Modeling in fields with controlled environments and reliable data inputs, such as drug discovery, ballplayer evaluation or predicting the next hit song provide data analysts the luxury of time to validate their models. However, in operating rooms, the time horizon may be seconds, while in web search it may be less than a second, and on a trading floor, milliseconds.
Examples of bad algorithmic decision outcomes abound. One example is the flash crash that occurred on May 6, 2010. Within a few minutes, The Dow Jones Industrial average plunged 1,000 points only to recover less than 20 minutes later. While the cause was never fully explained, many market participants agree that quantitative algorithms were to blame. With algorithms responsible for approximately 50% of trading volume, the potential for future calamitous events is more than likely. After all, bad data at the speed of light is still bad data.
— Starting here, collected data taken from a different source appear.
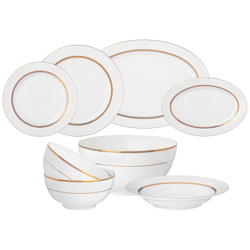 Комплектность: 6 обеденных тарелок 25,5*2 см, 6 суповых тарелок 300 мл 23*3,8 см, 6 закусочных тарелок 20,5*2 см, 2 овальных блюда 35,5*25*3 см и 26*18,5*2,2 см , салатник 1900 мл 23*6,5 см, 2 салатника 300 мл 11,4*5,6 см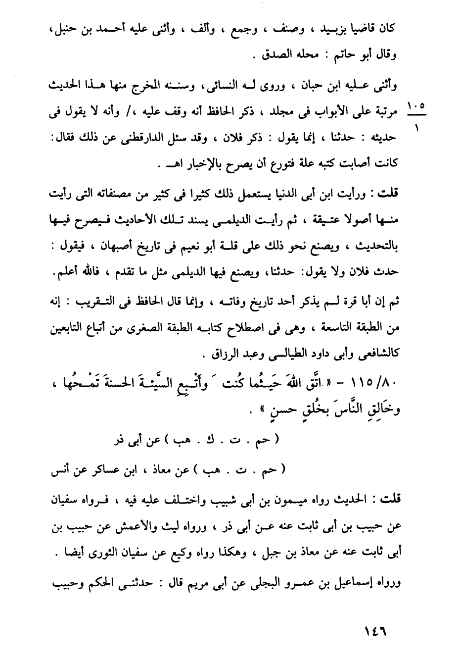 80/ 115 - "اتَّق اللَّهَ حَيثُما كُنتَ وأَتْبِعِ السَّيئةَ الحسنةَ تَمْحُها، وخَالِقِ النَّاسَ بخُلقٍ حسنٍ".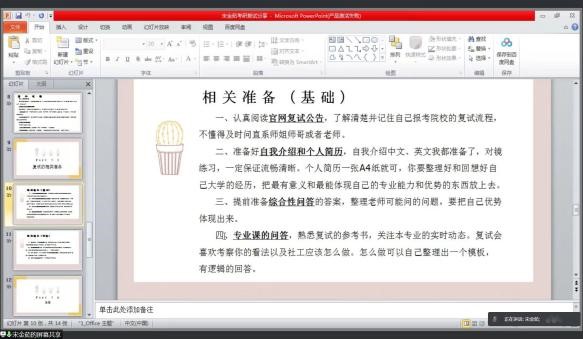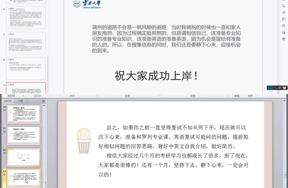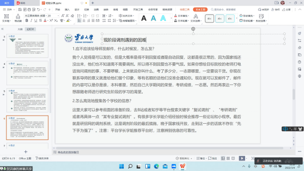 首先,考取中国社会科学院大学的宋金茹同学从复试的基本常识、基本流程、相关准备等三方面为大家分享自己的经验,提醒大家在当前疫情防控形势下参加线上复试的相关技巧及应该注意到的面试仪态等问题,建议同学们在准备复试的过程中关注相关专业时事热点。随后,考取云南大学的贺洪康同学侧重向大家分享了调剂成功的经验,针对调剂过程中的心态调适、有效获取调剂院校信息等问题进行了详细的讲解,同时,他还结合自己的经验介绍了一些的复试方法和技巧,并主动收集了身边考研成功同学的经验,给同学提供了更多的参考,叮嘱大家调整好心态,积极行动。最后,学长学姐对学弟学妹们给予了美好的祝愿和殷切的希望。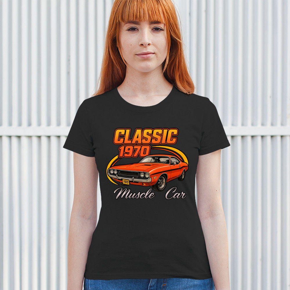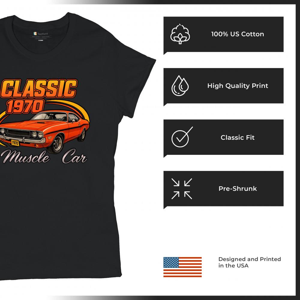 CLASSIC 1970 MUSCLE CAR t-shirt american legendary performance women's tee black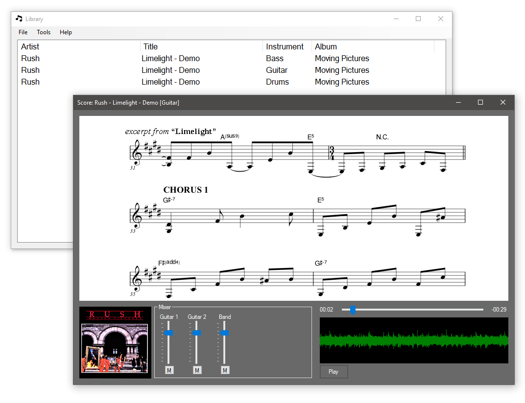 - Added sheet music selection (score/tablature/part)

On a more individual level, algorithms based on personal data, such as zip codes, payment histories and health records have the potential to be discriminatory in determining insurance rates, hospital treatments and credit scores. Add social and machine-generated streams into the mix and the resulting assumptions in models can skew outcomes even further.
Focus on model validation
As big data becomes more pervasive, it becomes even more important to validate models and the integrity of data. A correlation between two variables does not necessarily mean that one causes the other. Coefficients of determination can easily be manipulated to fit the hypothesis behind the model. As such, this also distorts the analysis of the residuals. Models for spatial and temporal data would only appear to complicate validation even further.
Data management tools have improved to significantly increase the reliability of the data inputs. Until machines devise the models, focus on the veracity of the data would improve model validation and reduce – not eliminate – inherent bias.
It would also yield more valuable data. The more valuable a company’s data, the higher it’s RDA. And higher data efficiency strengthens competitiveness and financial performance and valuation.